Stepping back, recall that Heck “is a defense a party must assert.” Crittindon, 37 F.4th at 190. And Rios and Wagner are currently asserting that defense through a Rule 12(b)(6) motion to dismiss, under which the Court cannot look beyond the pleadings except to take judicial notice under Federal Rule of Evidence 201. See Basic Capital Mgmt., Inc. v. Dynex Capital, Inc., 976 F.3d 585, 589 (5th Cir. 2020) (Federal Rule of Evidence 201(d) “expressly provides that a court ‘may take judicial notice at any stage of the proceeding,' and our precedents confirm judicially noticed facts may be considered in ruling on a 12(b)(6) motion.” (citations omitted)).
Under these standards and for the reasons set out above, the undersigned finds that Rios and Wagner have not carried their burden to show that the dismissal of Shearer's evading arrest/detention prosecution on the motion of the Dallas County District Attorney providing that “Defendant has completed the conditions per the agreement,” Dkt. No. 15-1 at 4, counts as “a conviction for the purposes of Heck” where they rely on that court order alone without further explanation of the state court's disposition of the prosecution and where the state court record of which the Court may take judicial notice offers no further explanation.
The Court should therefore deny the motion to dismiss without prejudice to the Heck defense being reasserted later in this proceeding, including through a motion for summary judgment.
Recommendation
The Court should deny Defendants Christopher Wagner and Ashley Rios's motion to dismiss the illegal detention claim under Federal Rule of Civil Procedure 12(b)(6) because that claim is barred by Heck v. Humphrey, 512 U.S. 477 (1994) [Dkt. No. 15].

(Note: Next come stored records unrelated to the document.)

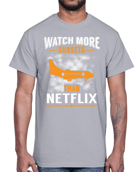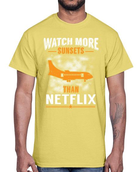 watch more sunsets then netflix 48#- airplane- Cotton Tee
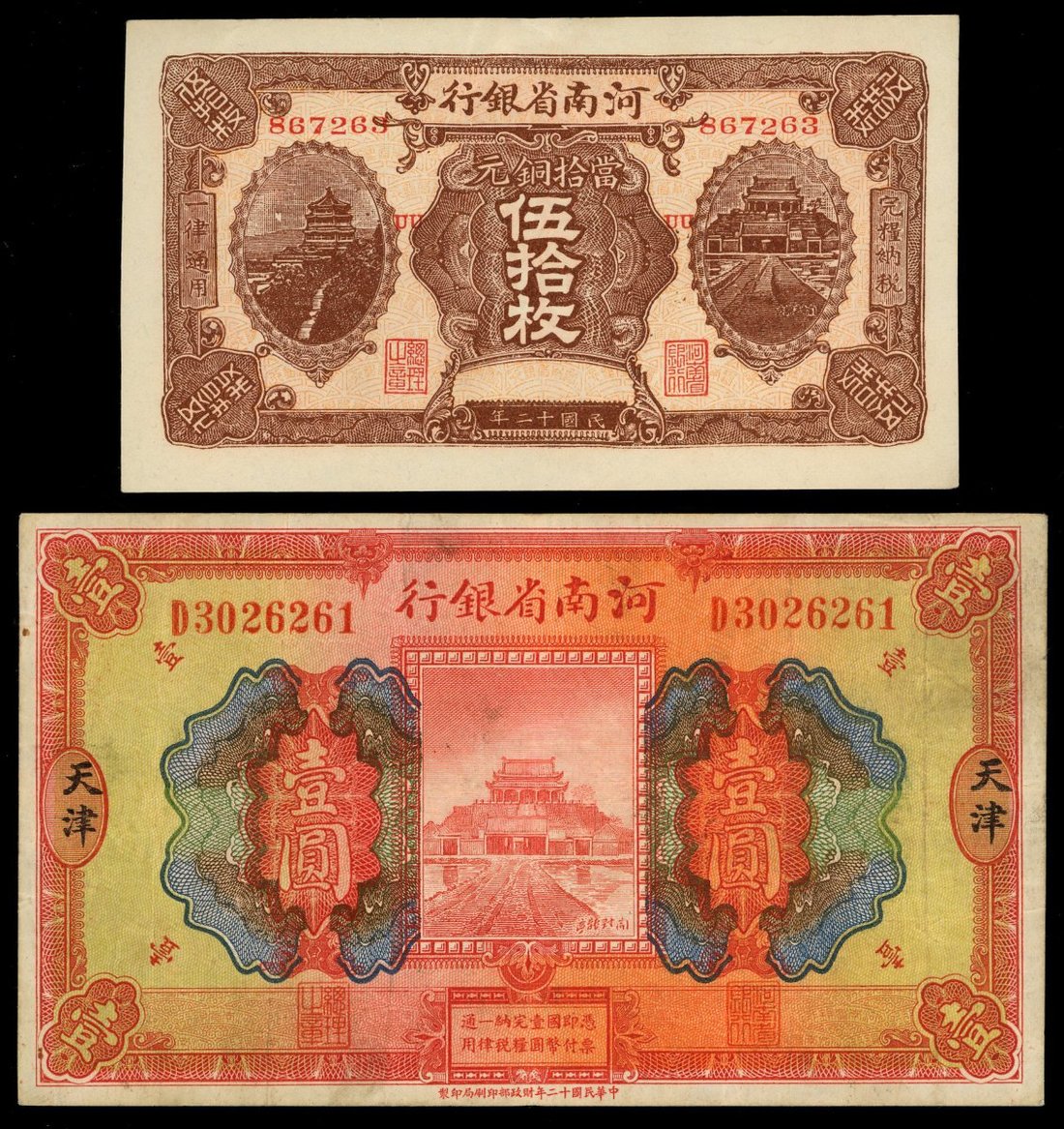 河南省銀行紙幣2枚一組,包括民國十二年(1923)伍拾枚,編號867263及民國十二年(1923)壹圓,天津地名,編號D3026261,分別AU及EF
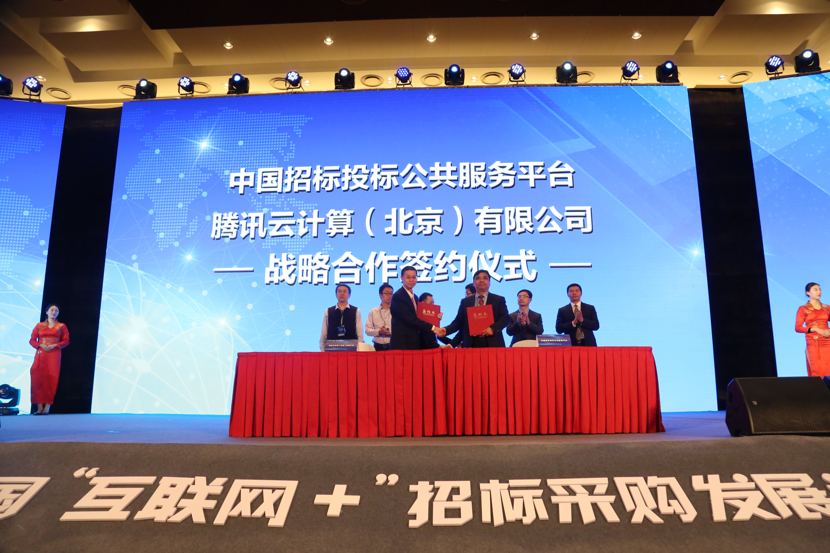 ▲中國招標(biāo)投標(biāo)公共服務(wù)平臺與騰訊云計算(北京)有限公司簽訂戰(zhàn)略合作協(xié)議
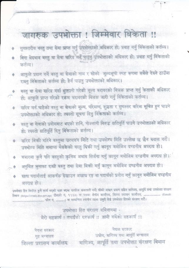 ''जागरुक उपभोक्ता ,जिम्मेवार बिक्रेता '' अभियान आवउद्धता सम्बन्धी सूचना l
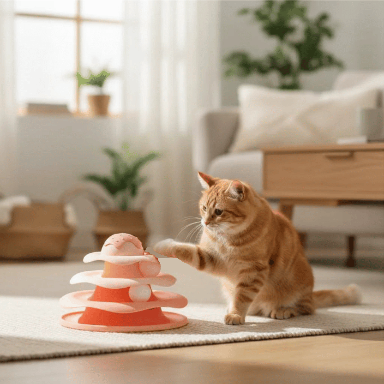 Interaktives Katzenspielzeug – Mehrere Drehtürme mit rollenden Bällen
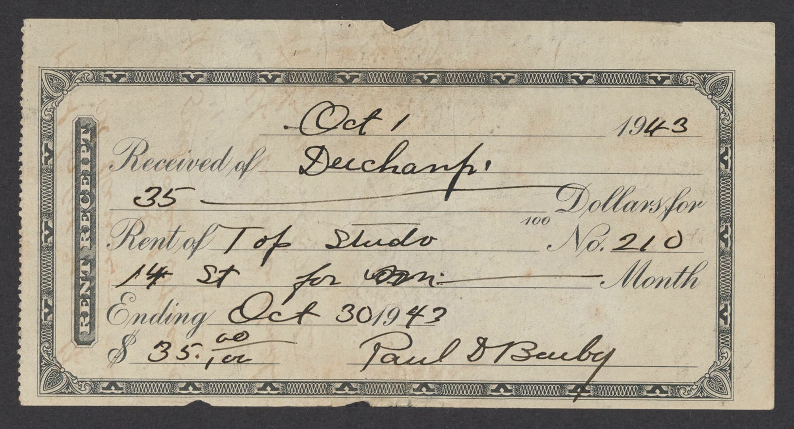 Receipt for rent of studio at 210 West 14th Street, New York City, October 1, 1943 (courtesy Philadelphia Museum of Art)
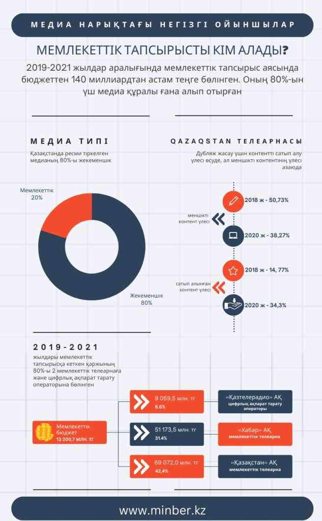2019-2021 жылдар аралығында мемлекеттің ақпараттық саясатын жүзеге асыру мақсатында 140 миллиард теңге аударылған екен. Осы соманың 80%-ын екі мемлекеттік арна мен бір ұлттық оператор алып келген. Мәселен, осы жылдар аралығында мемлекеттік тапсырысқа бөлінген 13 200,7 миллиард теңгенің 9 059,5  миллиардын “Қазтелерадио” (5,6%), 51 173,5  миллиард теңгесін (31.4%),  69 072,0 миллиардын  (42,4%) «Қазақстан» АҚ алған.
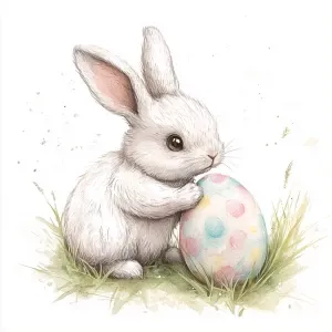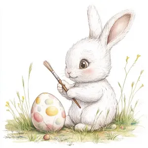 «A cute bunny sitting in a bit of grass, painting an Easter egg,...»
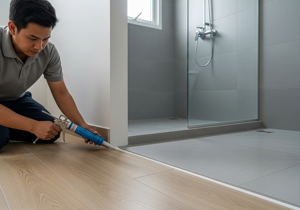 ซีลรอยต่อ (ถ้าจำเป็น) สำหรับบางพื้นที่ สามารถใช้ซิลิโคนกันน้ำหรือวัสดุยาแนวอุดตามขอบห้องและรอยต่อต่าง ๆ เพื่อป้องกันน้ำซึมลงใต้พื้นกระเบื้อง
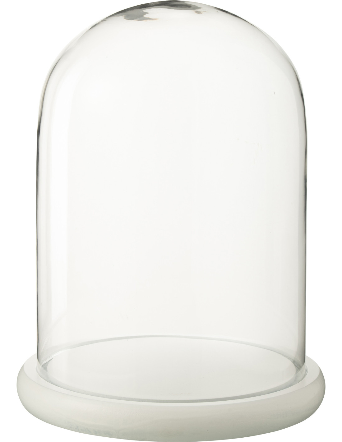 Grande Cloche décorative Hauteur 29 cm en Verre Transparent Bois Blanc Whitty
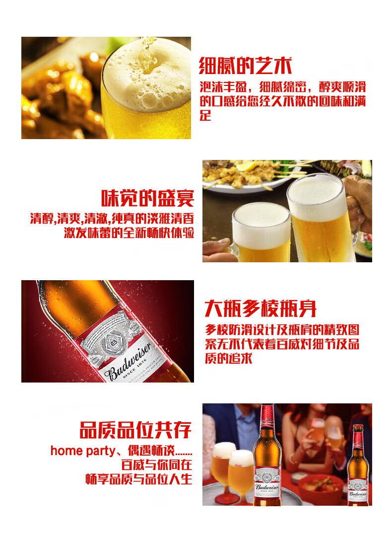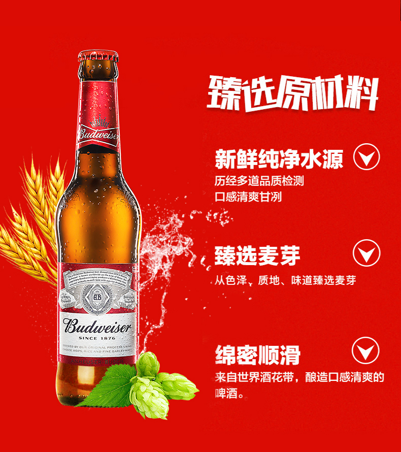 【百威】百威啤酒(玻璃瓶)330ML*24瓶

A copy of these findings, conclusions, and recommendation shall be served on all parties in the manner provided by law. Any party who objects to any part of these findings, conclusions, and recommendation must file specific written objections within 14 days after being served with a copy. See 28 U.S.C. § 636(b)(1); FED. R. CIV. P. 72(b). In order to be specific, an objection must identify the specific finding or recommendation to which objection is made, state the basis for the objection, and specify the place in the magistrate judge's findings, conclusions, and recommendation where the disputed determination is found. An objection that merely incorporates by reference or refers to the briefing before the magistrate judge is not specific. Failure to file specific written objections will bar the aggrieved party from appealing the factual findings and legal conclusions of the magistrate judge that are accepted or adopted by the district court, except upon grounds of plain error. See Douglass v. United Servs. Auto. Ass'n, 79 F.3d 1415, 1417 (5th Cir. 1996).